Veteran chief judge Kenji Shimotsu, who has overseen Kelly’s trial involving alleged financial misconduct for more than a year, handed down the punishment in that trial to a former government official who was found guilty of mistaking the accelerator for the brake as he plowed through a crowd in Tokyo, killing two people and injuring nine.

The judge said he was being lenient because the driver was at least not inebriated at the time, local media reported.

Even in law-and-order Japan, the sentence was deemed harsh.

Now, as Tokyo prosecutors made their closing argument against Kelly last week, they are asking Shimotsu to sentence the American to two years.

Kelly had faced a maximum penalty of 15 years in prison if found guilty of the charges. But prosecutors said they are being mindful of the time Kelly has already spent detained in Japan since his arrest nearly three years ago in November 2018.

After his arrest, Kelly was locked up for more than a month in a Tokyo jail before being released on bail. Since then, he has been barred from traveling outside the country.

Kelly’s wife, Dee, has moved to Japan to be with him during the legal fight and studies Japanese so that she can earn a student visa to stay in the country long term.

Kelly’s trial began Sept. 15, 2020, the day he turned 64, and the defense team will not make its closing argument until Oct. 27, with a verdict not expected until March 2022, according to his attorney.

The verdict will rest with the three-judge panel led by Shimotsu. He maintains a formal, businesslike demeanor and runs an efficient courtroom. He is often accommodating when court interpreters need more time to find the right words. And he is often seen gazing at the ceiling with his eyes open and head cocked, as if lost in deep philosophical thought while listening to arguments.

Kelly lead attorney Yoichi Kitamura said he isn’t worried about any hard-line reputation Shimotsu might have from the driving case, saying: ” I don’t think that is a precedent.”

Besides, Kitamura insists Kelly’s case won’t even get to sentencing. His client, he says, will first be cleared as innocent.

But prosecutors in a legal system that boasts a 99 percent conviction rate say otherwise.

In closing their case Sept. 29, prosecutor Yukio Kawasaki said it was clear that Kelly “conspired” with former Nissan Chairman Carlos Ghosn and others to falsify Nissan’s financial filings to understate Ghosn’s compensation by tens of millions of dollars.

“Kelly’s role was to study and prepare methods for the payment of this backdoor compensation,” he said.

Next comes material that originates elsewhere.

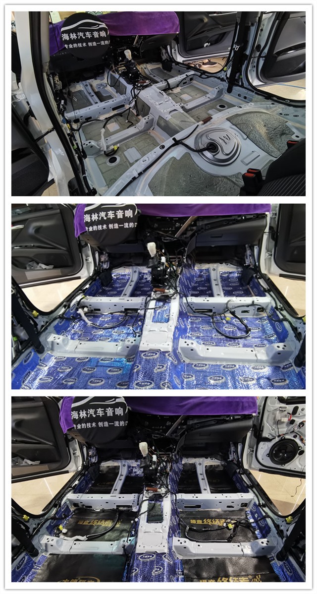 原車底盤、底盤第一層大能藍金剛隔音和第二層噪音終結(jié)者隔音流程展示

“This case involves a criminal act that was well organized and conducted for an extended period of time while being strictly confidential, and its wrongfulness is quite grave,” the prosecutor said.

Prosecutors allege Ghosn, 67, and Kelly hid some $84 million in postponed compensation from 2010 to 2018. Both men, arrested the same day in 2018, deny any wrongdoing.

But after Ghosn fled Japan for Lebanon in 2019, Kelly, his longtime American human resources chief and a former director on the board, was left to fight the charges alone.

Kelly readily admits Ghosn took a massive pay cut to the tune of around half his salary in 2010 when Japan’s financial disclosure rules changed. According to Kelly, Ghosn feared that if the true scale of his Nissan paycheck were known, he would face withering backlash in France, where he was also chairman of Renault.

But prosecutors allege Nissan made a deal to pay back that salary shortfall — the amount Ghosn would have earned had he not taken the pay cut — thereby illegally skirting disclosure rules. The information was important to disclose for investors to make informed decisions and to have confidence in the corporate governance of Nissan, prosecutors said.

Kelly counters there was nothing to disclose, partly because no retirement deal was finalized.

The defense also argues that Kelly was working on a retirement package to be paid in retirement for work done in retirement. As such, the defense maintains, there would be no obligation to disclose the payout, and the charges would be moot.

In closing their case against Kelly, prosecutors said the retirement plans were simply a pretense to comp Ghosn for the pay cut he took in his last eight years at the helm.

“It is clear from objective evidence that there was the unpaid compensation for Ghosn,” Kawasaki said. “And it is also objectively clear that Kelly, based on Ghosn’s will, sought to pay a large sum of money to Ghosn without disclosing it in Nissan’s annual securities report.”

After last week’s hearing, Kelly lawyer Kitamura attacked the prosecutors’ case, saying that, among other things, they failed to establish a motive for Kelly’s alleged wrongdoing.

“We can refute everything the prosecutors said today,” Kitamura said.